What is required: Scan the records beneath this line for the line holding "- (1) Amazon" and the line holding "According to the detection", then transcribe exactly those two and all lines between.

Data to examine:
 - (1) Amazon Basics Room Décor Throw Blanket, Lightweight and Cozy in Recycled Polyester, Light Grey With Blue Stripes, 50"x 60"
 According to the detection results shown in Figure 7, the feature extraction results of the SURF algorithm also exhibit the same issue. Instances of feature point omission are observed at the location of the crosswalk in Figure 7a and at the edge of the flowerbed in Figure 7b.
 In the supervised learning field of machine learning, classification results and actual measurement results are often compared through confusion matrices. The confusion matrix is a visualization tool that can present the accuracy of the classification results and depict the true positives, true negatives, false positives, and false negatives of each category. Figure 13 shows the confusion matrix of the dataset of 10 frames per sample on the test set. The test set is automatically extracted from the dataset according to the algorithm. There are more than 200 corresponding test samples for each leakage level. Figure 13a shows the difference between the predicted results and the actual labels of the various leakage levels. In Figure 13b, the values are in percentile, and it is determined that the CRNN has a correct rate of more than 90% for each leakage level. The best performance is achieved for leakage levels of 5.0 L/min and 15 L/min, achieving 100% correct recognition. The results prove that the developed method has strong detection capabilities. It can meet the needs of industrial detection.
--
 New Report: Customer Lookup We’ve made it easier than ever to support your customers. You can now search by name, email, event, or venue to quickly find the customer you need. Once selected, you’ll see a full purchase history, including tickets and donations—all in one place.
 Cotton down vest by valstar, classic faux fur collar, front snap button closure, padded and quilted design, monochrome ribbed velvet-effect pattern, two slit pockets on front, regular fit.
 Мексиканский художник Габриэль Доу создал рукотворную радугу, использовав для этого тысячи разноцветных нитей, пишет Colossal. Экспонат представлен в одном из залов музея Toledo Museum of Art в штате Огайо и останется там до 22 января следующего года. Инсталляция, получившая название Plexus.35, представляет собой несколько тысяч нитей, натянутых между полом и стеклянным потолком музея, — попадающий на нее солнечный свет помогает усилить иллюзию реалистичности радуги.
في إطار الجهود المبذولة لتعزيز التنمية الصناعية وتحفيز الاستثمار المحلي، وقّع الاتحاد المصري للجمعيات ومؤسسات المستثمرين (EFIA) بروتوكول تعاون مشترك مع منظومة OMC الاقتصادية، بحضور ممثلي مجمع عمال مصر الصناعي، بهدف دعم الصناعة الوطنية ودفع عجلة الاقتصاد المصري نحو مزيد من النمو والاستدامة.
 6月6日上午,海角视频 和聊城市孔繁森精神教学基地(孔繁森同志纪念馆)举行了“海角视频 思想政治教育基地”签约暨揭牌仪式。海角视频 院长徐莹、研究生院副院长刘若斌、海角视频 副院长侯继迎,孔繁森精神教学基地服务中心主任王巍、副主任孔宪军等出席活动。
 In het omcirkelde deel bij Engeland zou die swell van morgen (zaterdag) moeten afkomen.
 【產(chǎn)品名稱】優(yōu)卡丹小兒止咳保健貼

Answer for this exercise:
 - (1) Amazon Basics Room Décor Throw Blanket, Lightweight and Cozy in Recycled Polyester, Light Grey With Blue Stripes, 50"x 60"
 According to the detection results shown in Figure 7, the feature extraction results of the SURF algorithm also exhibit the same issue. Instances of feature point omission are observed at the location of the crosswalk in Figure 7a and at the edge of the flowerbed in Figure 7b.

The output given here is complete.